1. An intestinal detection system for colorectal cancer patients, comprising a horizontally placed detector (1), wherein a liquid crystal display screen (2) and a control panel (3) are fixedly mounted on the front side of the detector (1), characterized in that: The detector (1) has a first detection hole (4), a second detection hole (5) and a third detection hole (6) at equal intervals on its upper surface. The sampling tube (7) is inserted into the first detection hole (4), the second detection hole (5) and the third detection hole (6) in sequence. The upper end of the sampling tube (7) is threaded with a sealing cap (8), and a sampling spoon (9) is fixedly installed on the lower surface of the sealing cap (8). An illumination lamp (13) is fixedly installed at the bottom of the first detection hole (4), and an identification camera (14) for identifying the state of the sample in the sampling tube (7) is fixedly installed on the inner side wall of the first detection hole (4). A delivery pump (15) is installed at the lower end of the second detection hole (5) and the third detection hole (6), and a connecting pipe (16) is fixedly installed on the upper surface of the delivery pump (15). The connecting pipe (16) is connected to the sampling test tube (7) through the through hole (11) at the bottom of the sampling test tube (7). There are two symmetrical through holes (11) at the bottom of the sampling test tube (7). The lower end of the detector (1) is fixedly installed with an inspection box (17), and the inspection box (17) is connected to the delivery pump (15) through the first connecting pipe (18), and a shaking mechanism is provided below the delivery pump (15).

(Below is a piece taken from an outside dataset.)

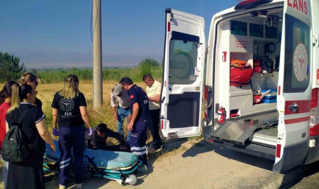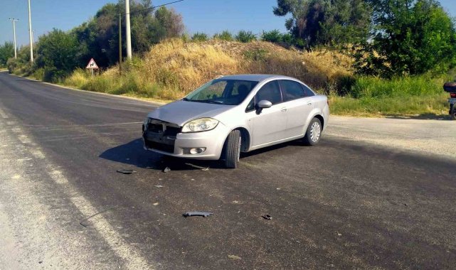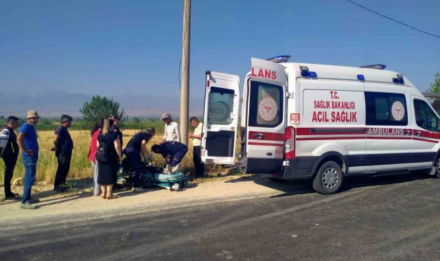 Denizli'de motosiklet ile otomobilin çarpıştığı kazada tarlaya uçan motosiklet sürücüsü yaralandı.

2. The intestinal detection system for colorectal cancer patients according to claim 1, characterized in that: The sampling tube (7) is fixedly installed with a partition plate (10) that divides its internal space, and a sealing ring (1101) that seals the connecting tube (16) is fixedly installed on the inner side wall of the through hole (11), and a sealing membrane (1102) of thin film material is fixedly installed inside the sealing ring (1101).

3. The intestinal detection system for colorectal tumor patients according to claim 2, characterized in that: The sampling tube (7) has a positioning strip (22) fixedly installed on the outer surface of its front side to determine its direction, and the positioning strip (22) corresponds to the positioning arrow (23) fixedly installed on the upper surface of the detector (1).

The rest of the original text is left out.